▶ YOUR TASK
Without copying any picture, return all lines below exactly.

▶ EXERCISE DATA

-------

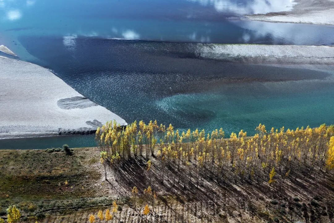 澄澈河水映著金黃楊樹(shù)林
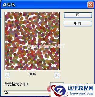 5、单击“图层2”,使“图层2”显示。选择菜单栏中的“滤镜”“像素化”“点状化”命令,在弹出的“点状化”对话框中,将“单元格”设为11,如图06,单击好,效果如图07所示。
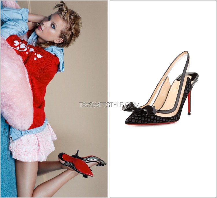 Taylor wore these adorable cut out kitten heels without the ankle strap.

-------

▶ SOLUTION TO THE PROBLEM
 澄澈河水映著金黃楊樹(shù)林
 5、单击“图层2”,使“图层2”显示。选择菜单栏中的“滤镜”“像素化”“点状化”命令,在弹出的“点状化”对话框中,将“单元格”设为11,如图06,单击好,效果如图07所示。
 Taylor wore these adorable cut out kitten heels without the ankle strap.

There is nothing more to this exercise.